As lembranças ruins espanto com suas desajeitadas tentativas de arrumar as coisas entre nós, meu pai. Em pé no ponto de ônibus com o guarda-chuvas aberto, me esperando chegar do trabalho em meio ao temporal. Me ensinando a fazer embreagem na ladeira, quando comprei o primeiro automóvel.

Lá do seu jeito bem que desejava um abraço, um gesto que simbolizasse algum perdão. Perdão nenhum, pai. Tudo passou, tudo seguiu. E se hoje conto um pouco de sua história, só recordo o que aprendi a amar. Sua paixão pelo samba e pelo boxe. Levo de herança. Beatles, a maior banda do mundo.

E a introdução ao universo de Martin Luther King. Por uma razão pessoal, como estava escrito nos quadros da Sorveteria da Ribeira, o lugar onde íamos aos domingos como família, comer sorvete de taboquinha e olhar o mar até que as luzes do subúrbio se acendessem na outra margem.

Perdão nenhum pai, perdão para nós dois, que também eu te devo alguns. E se penso hoje em nossos dias juntos, são as pequenas coisas que revolvem a terra fértil onde tudo ainda cresce nesse jardim infinito. Seus pocket-books de faroeste. Madrugadas vendo os desfiles das escolas do Rio.

E o fato de que um dia disse, como um boxeador exausto, que a velhice lhe tirou as forças para o ringue.
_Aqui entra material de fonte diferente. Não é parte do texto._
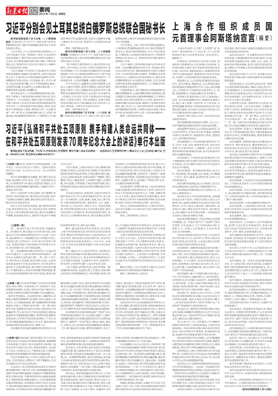 上海合作组织成员国元首理事会阿斯塔纳宣言(摘要)

Não brigue mais, meu pai, eu quis dizer. Quis ser a sua voz quando lhe faltou o grito. Mas é que somos tão iguais. Na eloquência da revolta e no silêncio incômodo. Sempre disfarçando o amor que sentimos.
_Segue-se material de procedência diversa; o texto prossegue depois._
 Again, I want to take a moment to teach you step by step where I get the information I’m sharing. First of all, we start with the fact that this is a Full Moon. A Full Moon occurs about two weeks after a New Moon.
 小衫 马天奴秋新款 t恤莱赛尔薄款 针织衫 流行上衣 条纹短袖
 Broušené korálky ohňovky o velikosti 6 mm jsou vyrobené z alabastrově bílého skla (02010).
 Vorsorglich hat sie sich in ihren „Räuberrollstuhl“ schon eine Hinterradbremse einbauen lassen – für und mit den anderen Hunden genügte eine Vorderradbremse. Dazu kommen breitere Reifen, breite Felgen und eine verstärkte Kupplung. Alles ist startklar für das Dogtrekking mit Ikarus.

Ensimesmados, sob o mesmo signo, esse saturno em nós. Minha irmã diz que sente saudade de ser filha. É o que sinto. O perfume do mar, os peixes fritos, as viagens improvisadas de madrugada, é o que guardo de nós. Mágoa não há, só essa certeza: sermos falíveis. O resto é silêncio, como em Shakespeare.